About this exercise
Copy the data that follows exactly as it is, excluding all pictures.

Supplied data
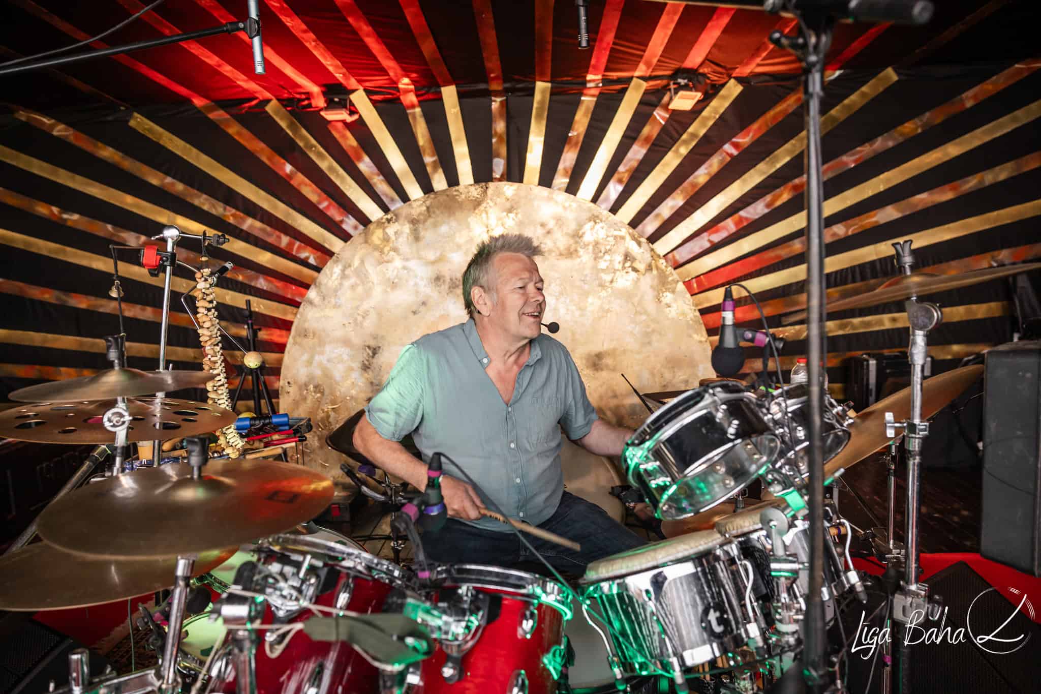 ekstātisko deju dj izmanto dzīvās mūzikas instrumentus
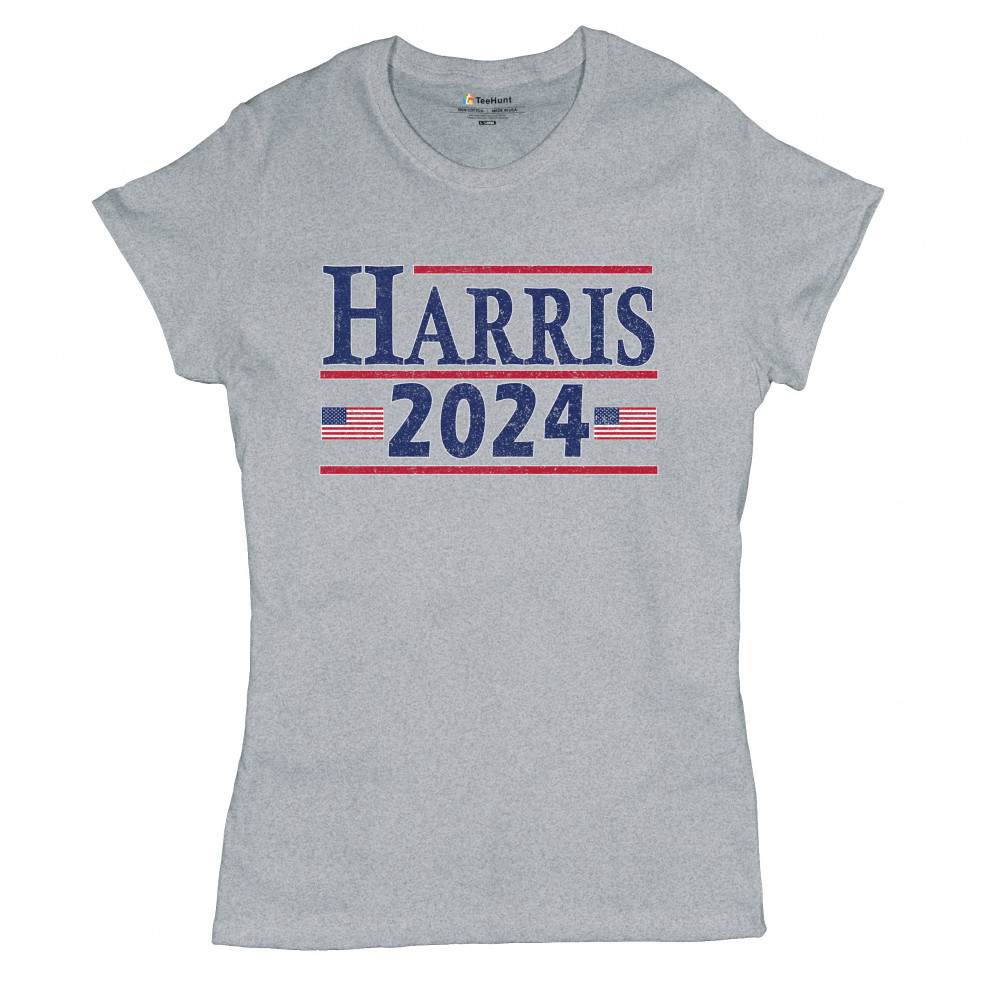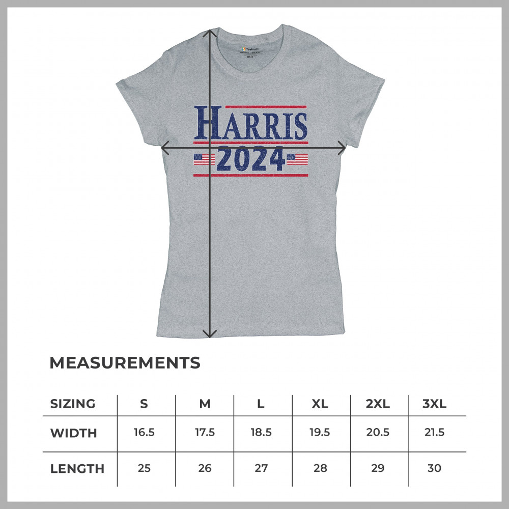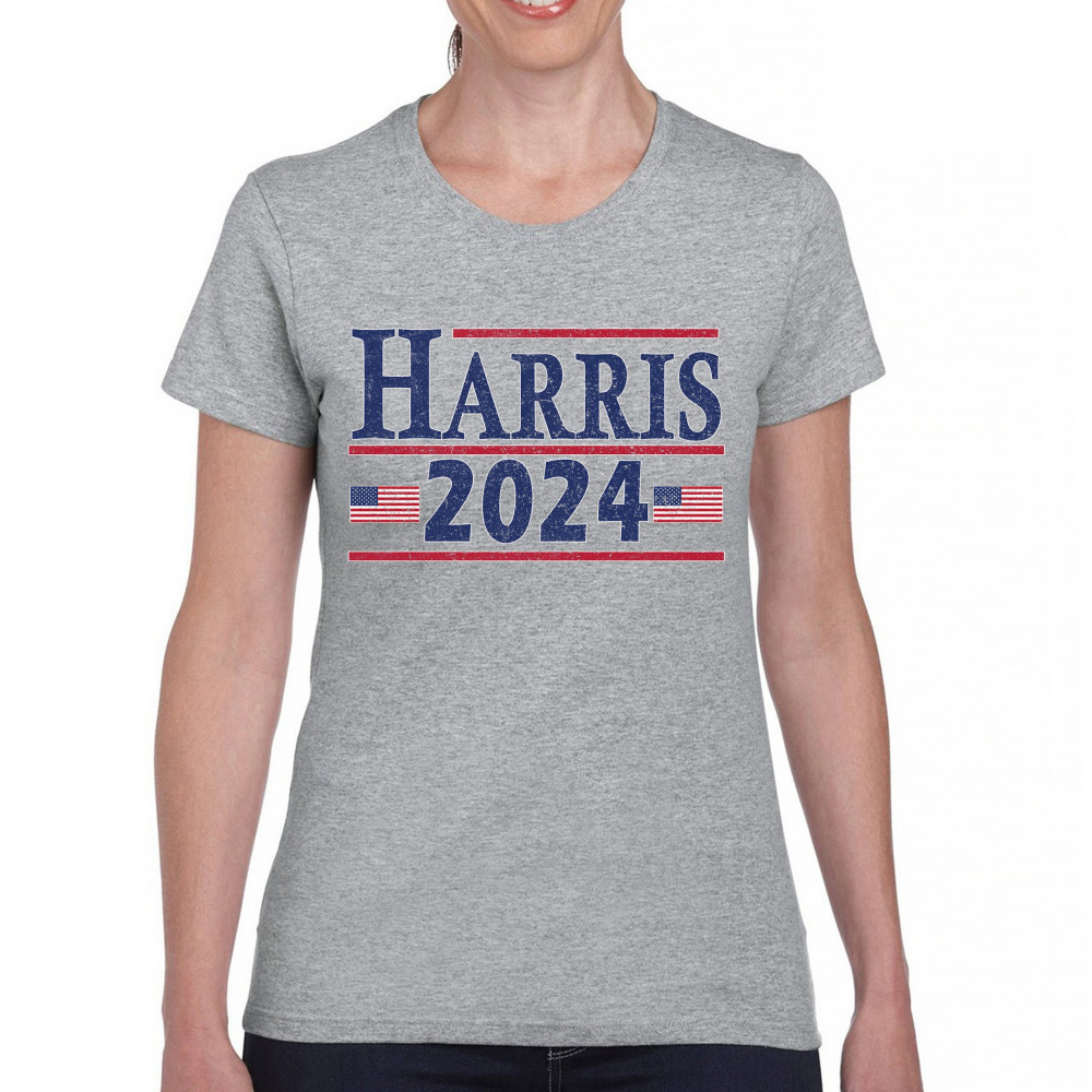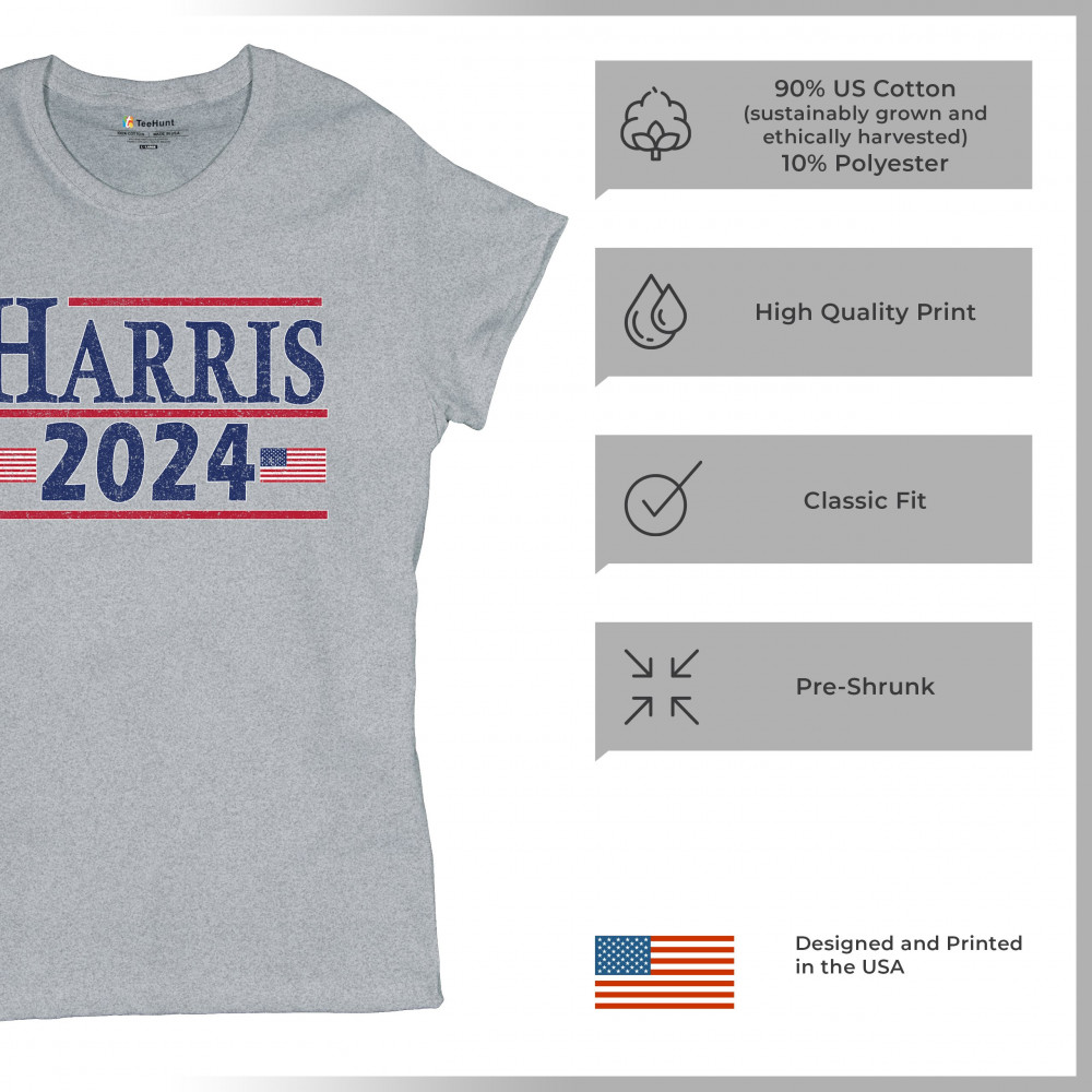 Show your support for Kamala Harris with this bold "Harris 2024" t-shirt, featuring American flags. Perfect for rallies and events. Join the movement today!
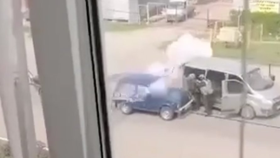 На видео, распространившемся в соцсетях, можно увидеть, что автомобиль взорвался в тот момент, когда к нему начали подбегать сотрудники ОМОН.
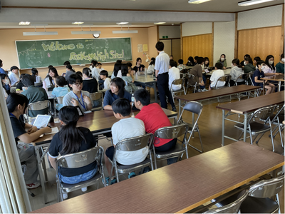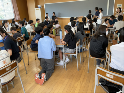 宮城県教育委員会から今年度も「発信型英語教育拠点校事業」の指定を受け、「地域連携」のスタートとして、本日(7月2日)古川第二小学校の6年生100名が来校し、合同授業を行いました。3つのクラスに分かれ、古高1・2年生の希望者82名が小学生の各グループに入って英語を教えました。
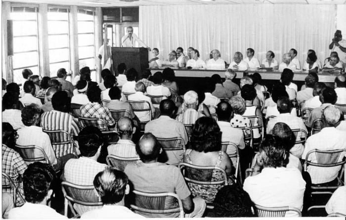 El 5 de julio de 1982 Nicolás Guillén estuvo en Granma. Ese día no fue como otros, en los cuales de manera habitual entraba apresurado y con miles de ideas plasmadas en cuartillas; pues el objetivo de la visita respondía a una invitación del colectivo del periódico para expresarle el respeto, la admiración y el amor que todos sentían por él al acercarse su 80 aniversario a lo que él correspondió con su habitual cortesía.
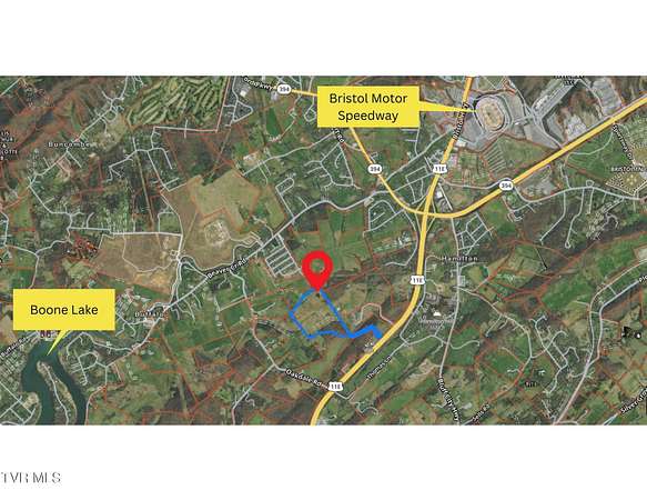 Est $6,437/mo70 Acre Development Opportunity at a great price! This property is situated between Bristol and Johnson City, near Bristol Motor Speedway and Boone Lake. Convenient to all of the Tri-Cities. Property has been used as a campground with electric and water throughout the site. It has Gentle rolling topography, beautiful long range views, two ponds, and possible access through Hendrickson Lane. Currently zoned A1 with the possibility to rezone for residential development. Please contact agent for showing, please do not trespass without permission. Church building and parcel not included.

Result
 ekstātisko deju dj izmanto dzīvās mūzikas instrumentus
 Show your support for Kamala Harris with this bold "Harris 2024" t-shirt, featuring American flags. Perfect for rallies and events. Join the movement today!
 На видео, распространившемся в соцсетях, можно увидеть, что автомобиль взорвался в тот момент, когда к нему начали подбегать сотрудники ОМОН.
 宮城県教育委員会から今年度も「発信型英語教育拠点校事業」の指定を受け、「地域連携」のスタートとして、本日(7月2日)古川第二小学校の6年生100名が来校し、合同授業を行いました。3つのクラスに分かれ、古高1・2年生の希望者82名が小学生の各グループに入って英語を教えました。
 El 5 de julio de 1982 Nicolás Guillén estuvo en Granma. Ese día no fue como otros, en los cuales de manera habitual entraba apresurado y con miles de ideas plasmadas en cuartillas; pues el objetivo de la visita respondía a una invitación del colectivo del periódico para expresarle el respeto, la admiración y el amor que todos sentían por él al acercarse su 80 aniversario a lo que él correspondió con su habitual cortesía.
 Est $6,437/mo70 Acre Development Opportunity at a great price! This property is situated between Bristol and Johnson City, near Bristol Motor Speedway and Boone Lake. Convenient to all of the Tri-Cities. Property has been used as a campground with electric and water throughout the site. It has Gentle rolling topography, beautiful long range views, two ponds, and possible access through Hendrickson Lane. Currently zoned A1 with the possibility to rezone for residential development. Please contact agent for showing, please do not trespass without permission. Church building and parcel not included.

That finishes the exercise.